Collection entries

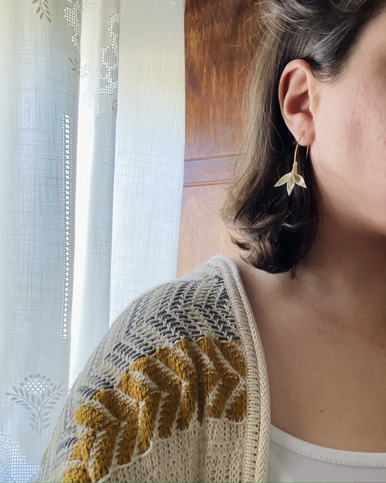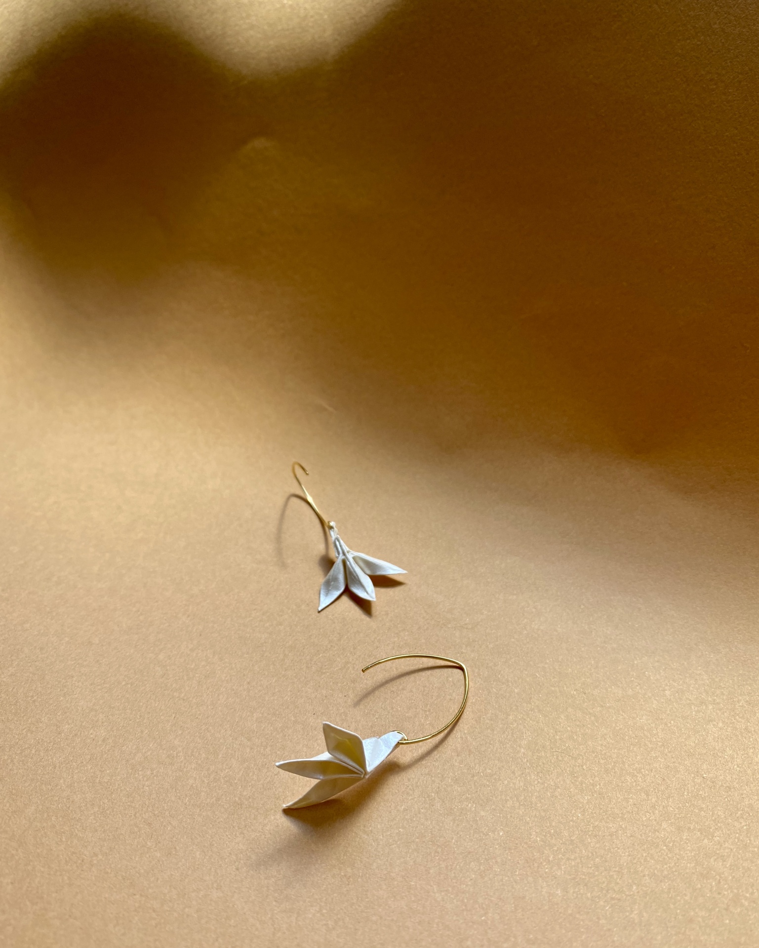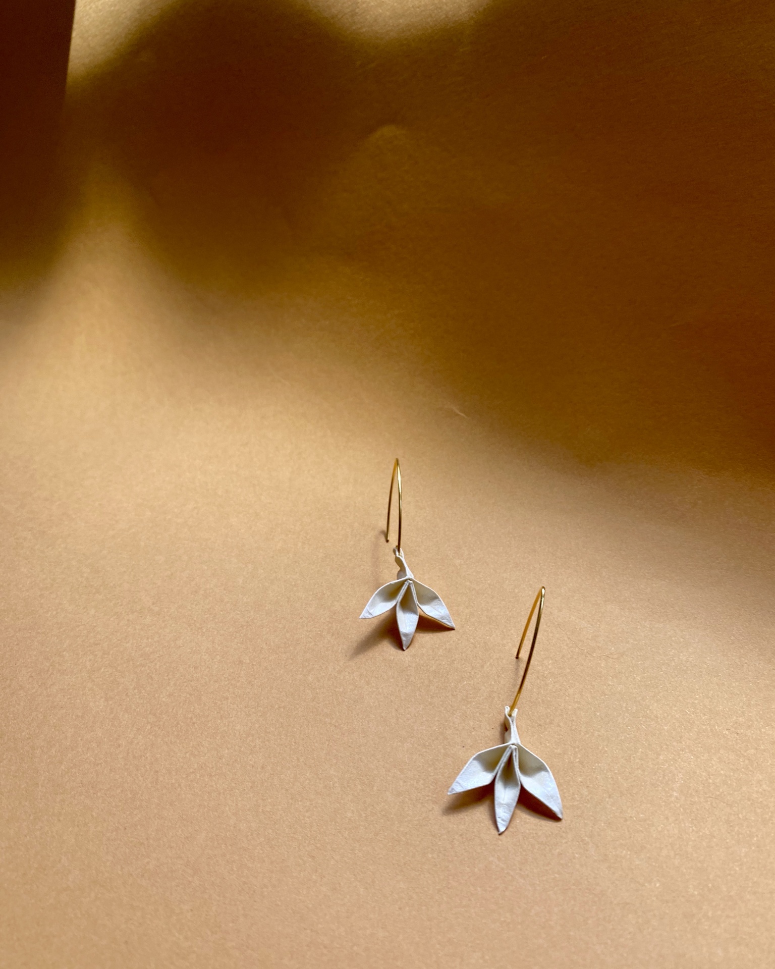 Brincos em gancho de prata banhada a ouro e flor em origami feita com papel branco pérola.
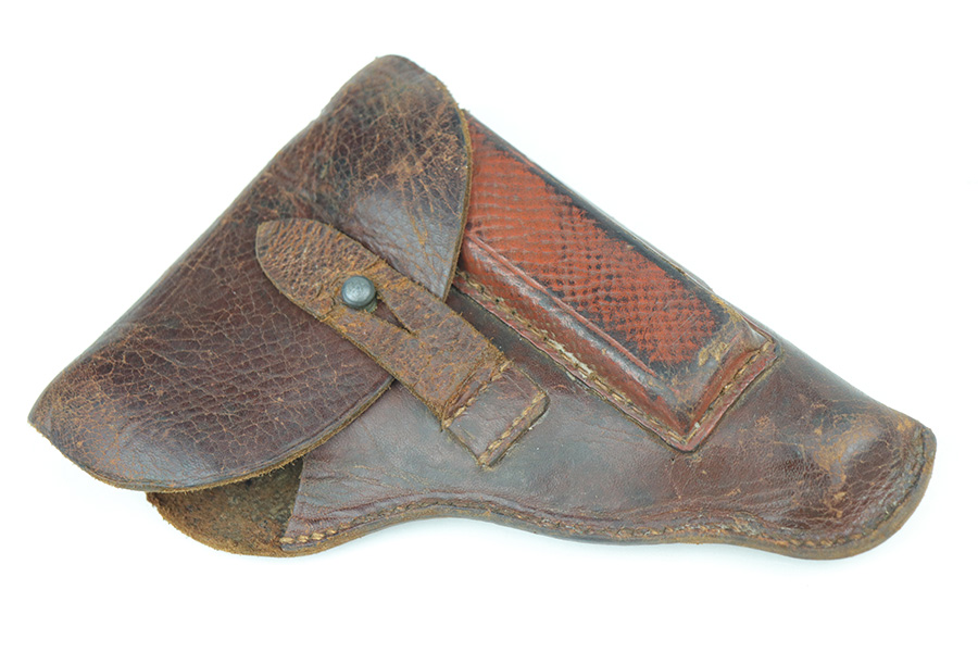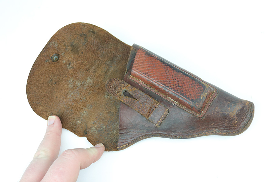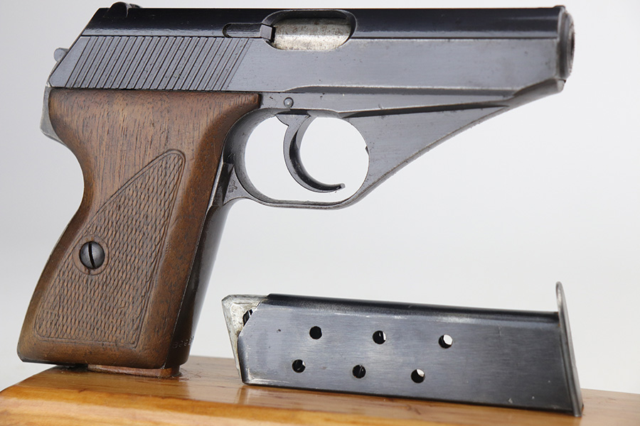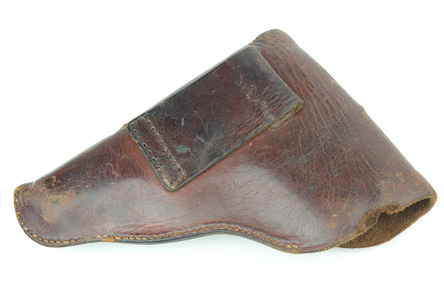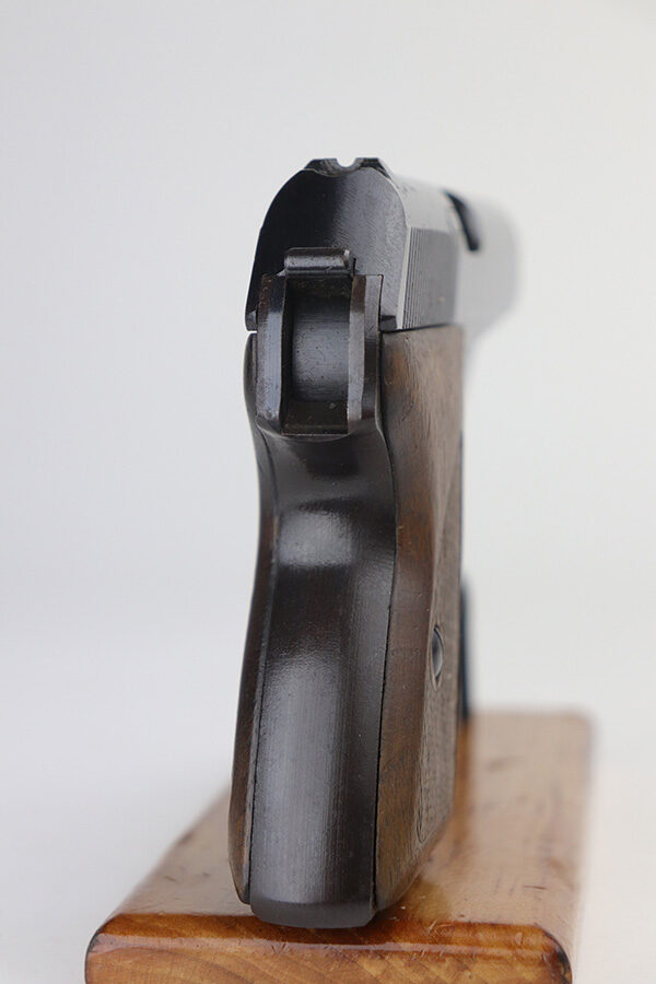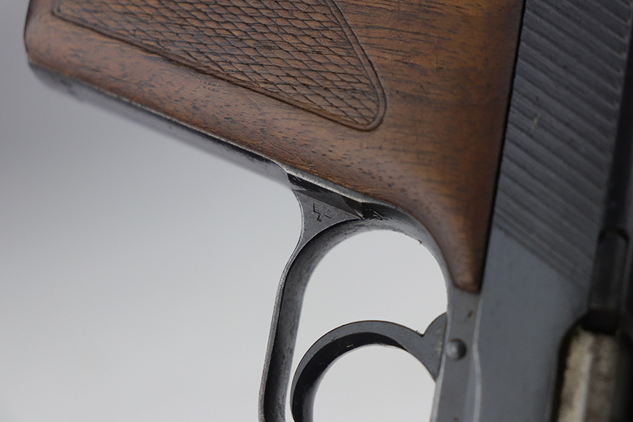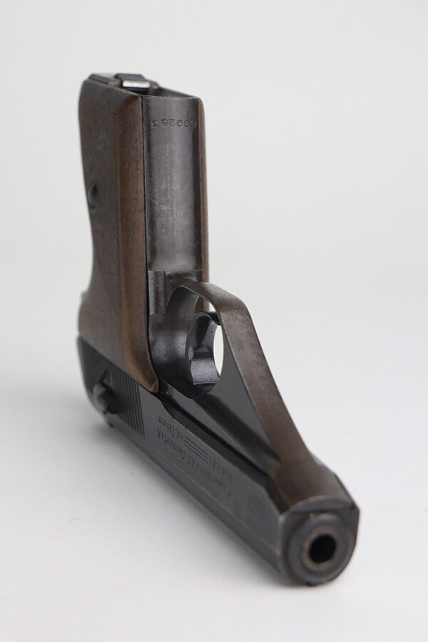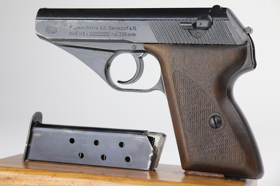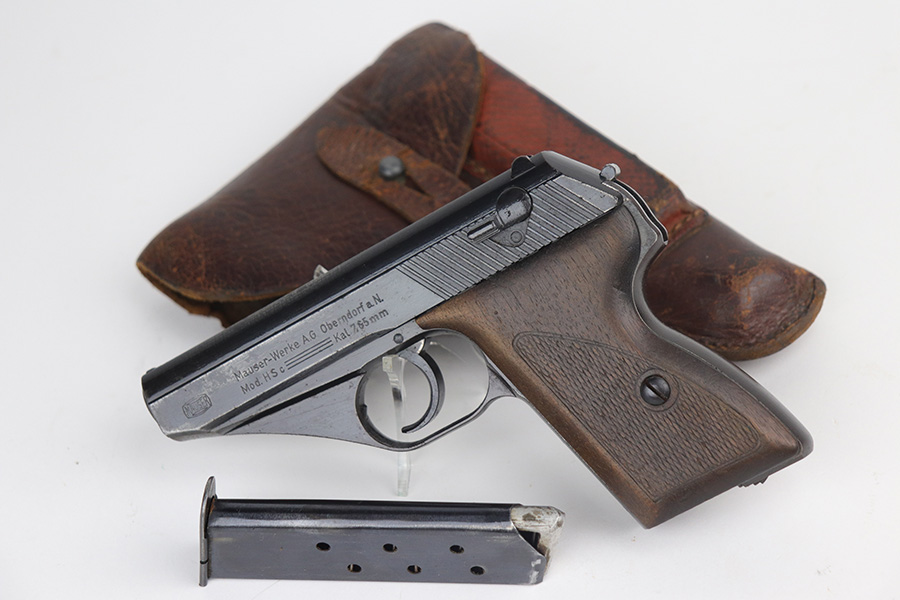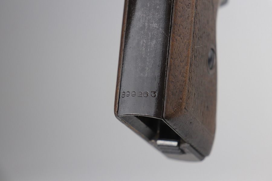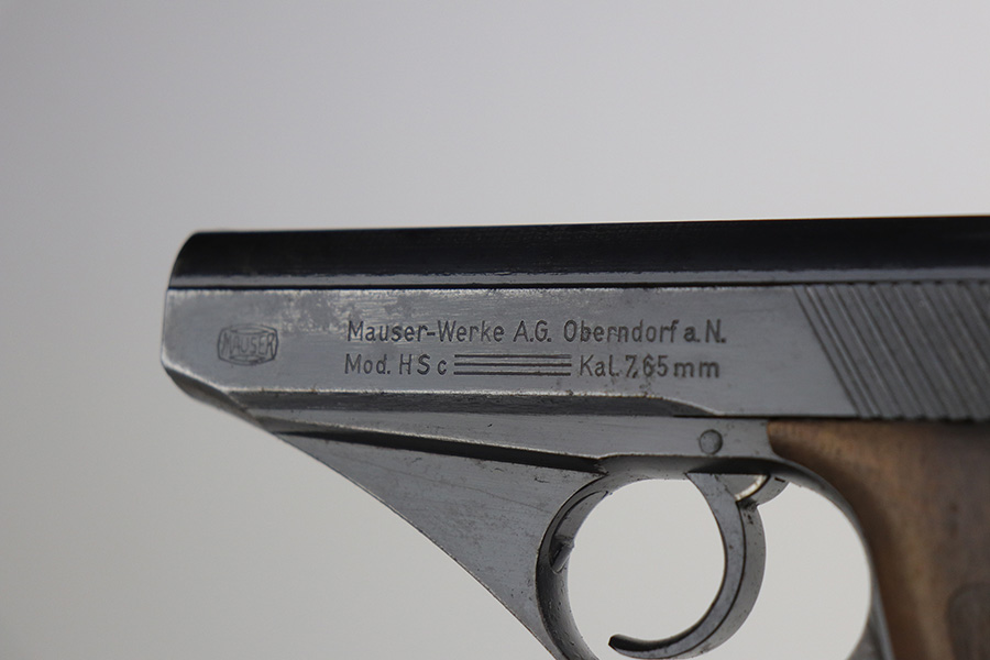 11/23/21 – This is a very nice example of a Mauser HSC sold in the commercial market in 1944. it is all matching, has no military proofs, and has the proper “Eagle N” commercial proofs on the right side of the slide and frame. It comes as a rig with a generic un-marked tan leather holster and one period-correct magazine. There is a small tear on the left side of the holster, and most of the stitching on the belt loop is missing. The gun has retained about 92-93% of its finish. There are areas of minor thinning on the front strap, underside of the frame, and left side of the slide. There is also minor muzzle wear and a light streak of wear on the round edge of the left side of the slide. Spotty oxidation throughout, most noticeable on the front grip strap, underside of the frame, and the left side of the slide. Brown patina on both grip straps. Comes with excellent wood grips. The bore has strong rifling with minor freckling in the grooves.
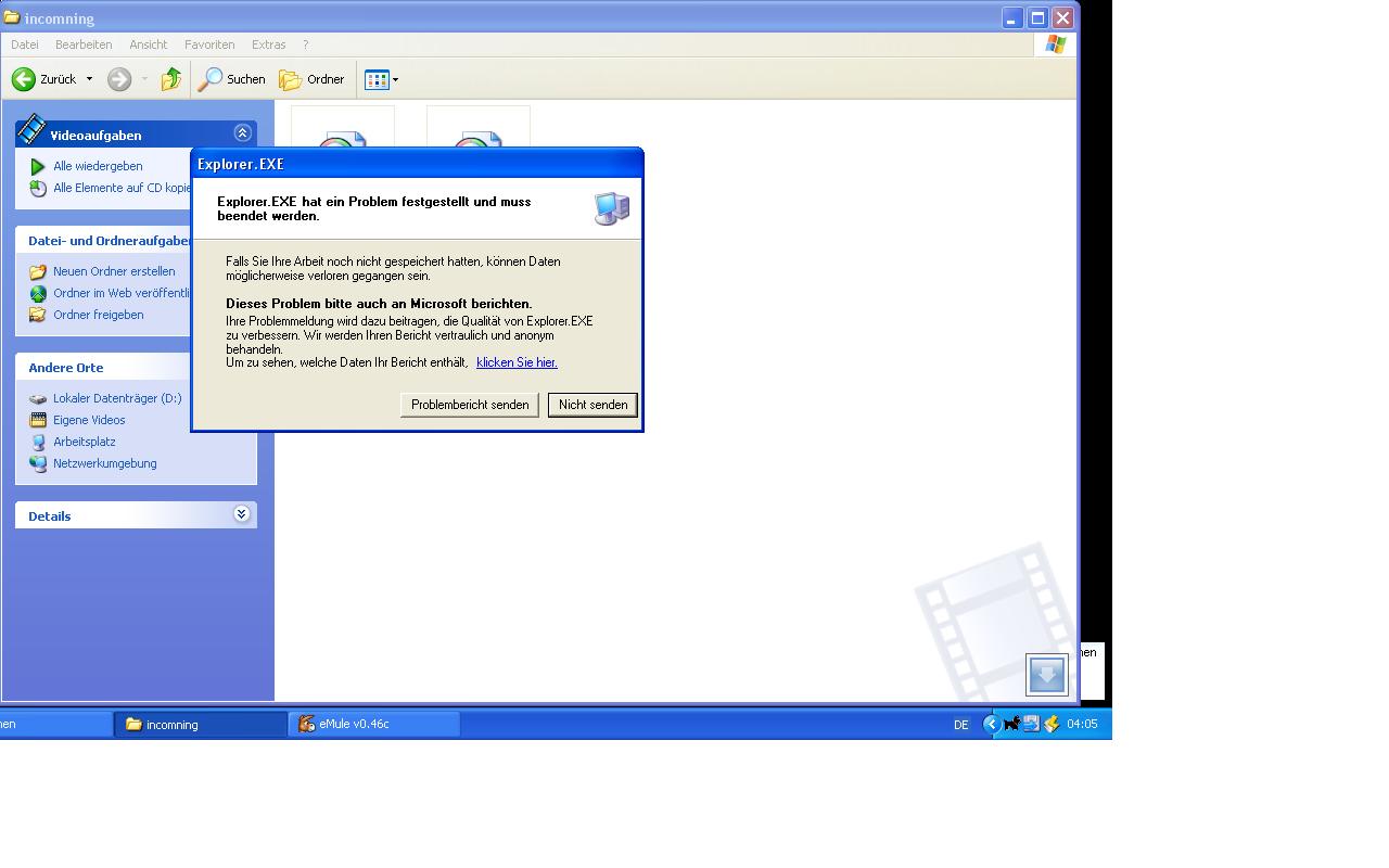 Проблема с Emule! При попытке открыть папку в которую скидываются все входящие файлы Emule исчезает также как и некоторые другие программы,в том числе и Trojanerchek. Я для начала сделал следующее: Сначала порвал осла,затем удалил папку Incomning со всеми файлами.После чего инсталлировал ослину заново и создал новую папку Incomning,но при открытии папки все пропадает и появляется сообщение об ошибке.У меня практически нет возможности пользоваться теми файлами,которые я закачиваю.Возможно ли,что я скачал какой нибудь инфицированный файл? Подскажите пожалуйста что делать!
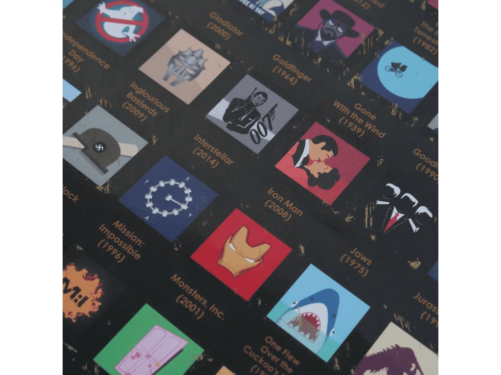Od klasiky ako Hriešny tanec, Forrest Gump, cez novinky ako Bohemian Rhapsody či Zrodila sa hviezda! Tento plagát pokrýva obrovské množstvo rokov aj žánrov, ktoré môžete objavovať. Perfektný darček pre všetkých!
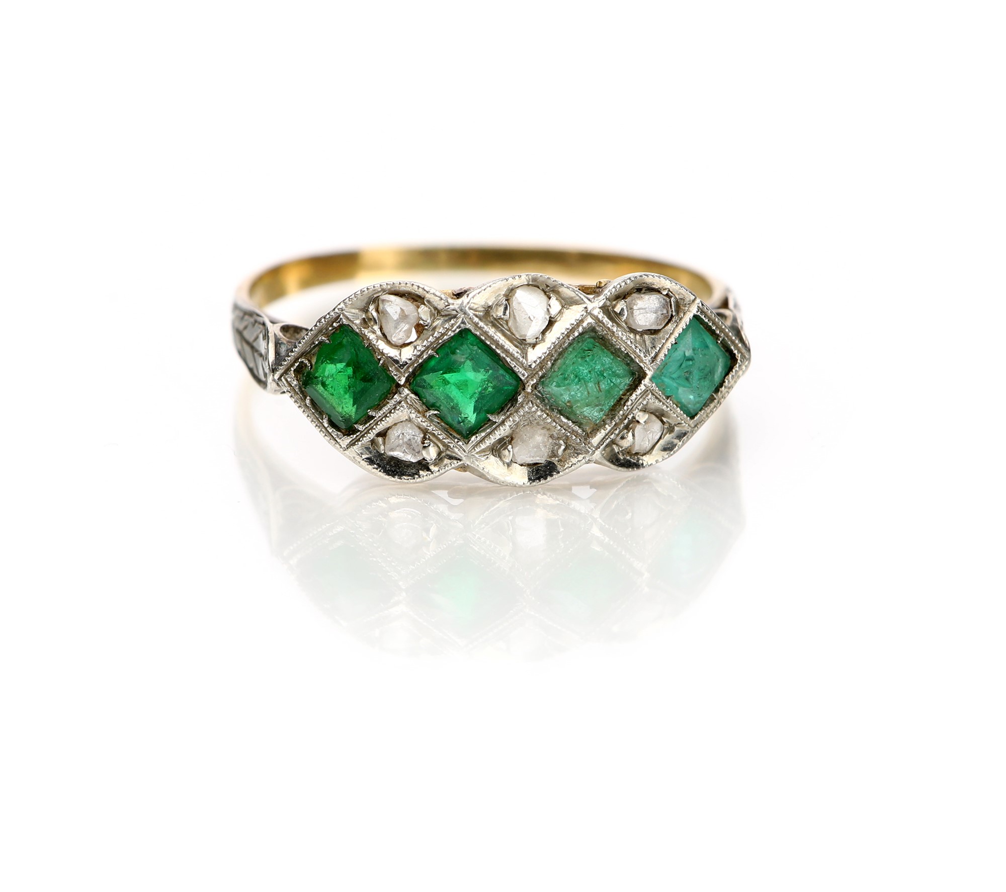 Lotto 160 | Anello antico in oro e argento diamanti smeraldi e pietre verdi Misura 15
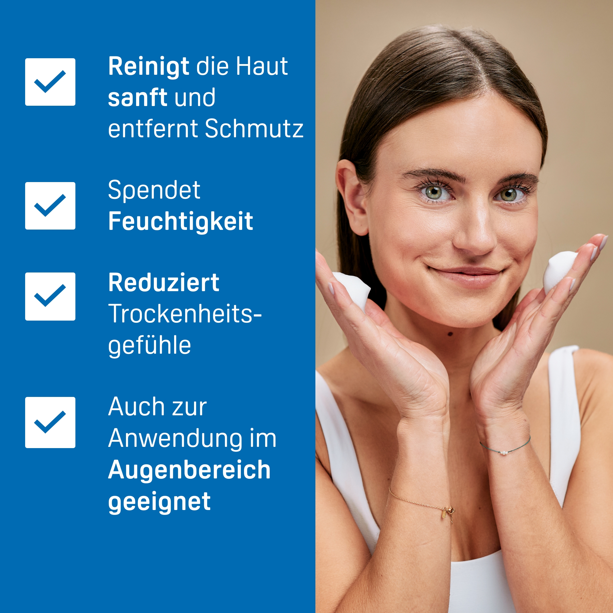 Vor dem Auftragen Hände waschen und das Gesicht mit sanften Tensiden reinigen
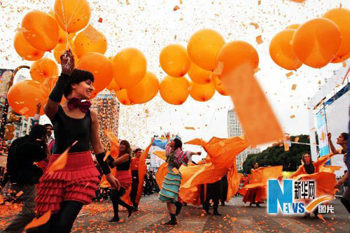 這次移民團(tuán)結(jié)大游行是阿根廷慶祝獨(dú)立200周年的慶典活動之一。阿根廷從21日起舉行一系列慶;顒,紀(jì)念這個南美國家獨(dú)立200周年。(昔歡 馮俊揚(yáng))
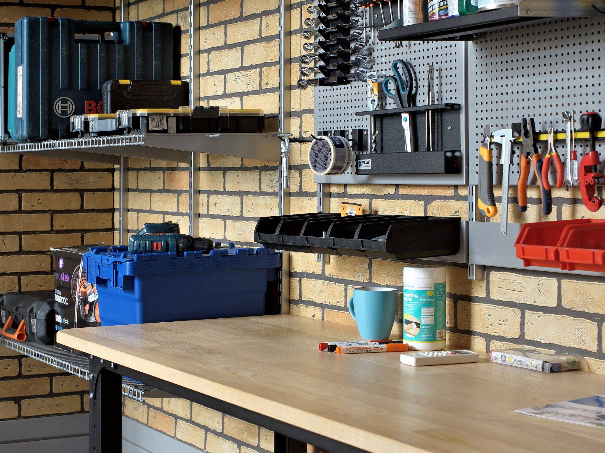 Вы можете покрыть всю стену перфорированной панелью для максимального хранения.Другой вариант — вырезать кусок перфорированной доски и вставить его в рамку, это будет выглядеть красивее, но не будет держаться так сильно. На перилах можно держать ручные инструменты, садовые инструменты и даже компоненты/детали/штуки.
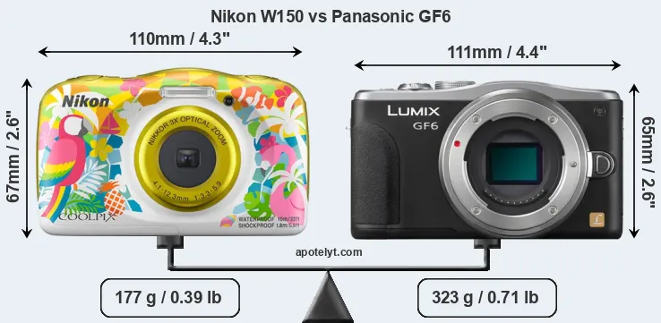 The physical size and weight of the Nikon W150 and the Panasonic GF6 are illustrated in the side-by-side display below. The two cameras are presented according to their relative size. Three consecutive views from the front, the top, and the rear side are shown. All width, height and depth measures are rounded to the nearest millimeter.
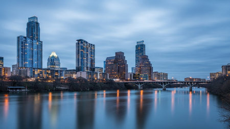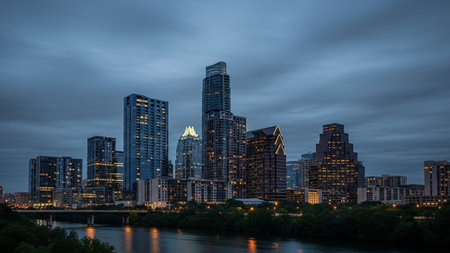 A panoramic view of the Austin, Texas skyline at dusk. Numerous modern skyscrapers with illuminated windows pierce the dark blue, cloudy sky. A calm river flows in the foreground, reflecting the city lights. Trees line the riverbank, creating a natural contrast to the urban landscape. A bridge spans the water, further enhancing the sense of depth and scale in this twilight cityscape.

Task statement: Lines before the one containing "The physical size" are not wanted; write out that line and every later line through the end of the data above, exactly, without pictures.

Written reply:
 The physical size and weight of the Nikon W150 and the Panasonic GF6 are illustrated in the side-by-side display below. The two cameras are presented according to their relative size. Three consecutive views from the front, the top, and the rear side are shown. All width, height and depth measures are rounded to the nearest millimeter.
 A panoramic view of the Austin, Texas skyline at dusk. Numerous modern skyscrapers with illuminated windows pierce the dark blue, cloudy sky. A calm river flows in the foreground, reflecting the city lights. Trees line the riverbank, creating a natural contrast to the urban landscape. A bridge spans the water, further enhancing the sense of depth and scale in this twilight cityscape.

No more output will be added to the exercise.